That is not correct. When the rule changes on the tax were first announced it appeared they would be worse off. However, with final clarification and more information it is now clear that equities are slightly worse off in investment bonds but fixed interest funds are no worse off.
Indeed, equities may not be that much worse off where the CGT allowance is fully utilised beforehand as the insurance companies can still use indexation whereas an individual cannot. However where the CGT allowance isnt used, then equities are based placed in a unit trust.
Charges also need to be considered as well. Some of the funds in the bond can be quite cheap. Although the value tends to be more on the fixed interest side or if the IFA has arranged it on good terms (discounting or fee basis normally). F&C funds in particular are cheaper in the bond than they are in unit trust form normally.

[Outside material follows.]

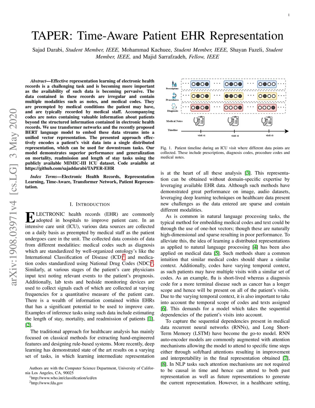 Effective representation learning of electronic health records is a challenging task and is becoming more important as the availability of such data is becoming pervasive. The data contained in these records are irregular and contain multiple modalities such as notes, and medical codes. They are preempted by medical conditions the patient may have, and are typically jotted down by medical staff. Accompanying codes are notes containing valuable information about patients beyond the structured information contained in electronic health records. We use transformer networks and the recently proposed BERT language model to embed these data streams into a unified vector representation. The presented approach effectively encodes a patient's visit data into a single distributed representation, which can be used for downstream tasks. Our model demonstrates superior performance and generalization on mortality, readmission and length of stay tasks using the publicly available MIMIC-III ICU dataset. Code avaialble at https://github.com/sajaddarabi/TAPER-EHR

Frequent switchers may find the bond more efficient as there is no CGT chargeable event when fund switching on a bond.He is likely to lose around 5% of the sum he withdraws (difference between selling price and buying price).
The FP investment bond is single charged so there is no difference between buying price and selling price. If he is reinvesting the 7.5% then you would typically expect that to be done on zero cost (may be very slight initial charge on some funds but most would be nil cost). Taking out enough to feed the ISA is a sensible move. Maybe unit trust as well.My gut feeling is that he could invest the 7.5% per annum in a more worthwhile and tax-efficient way elsewhere
Its not just tax efficiency where bonds may or may not be better. They are not included in the means test for pension credits or social security benefits and cannot be included in the means test for local authority care. Over 65s can benefit from bonds as well as income from bonds does not go towards the age allowance reduction.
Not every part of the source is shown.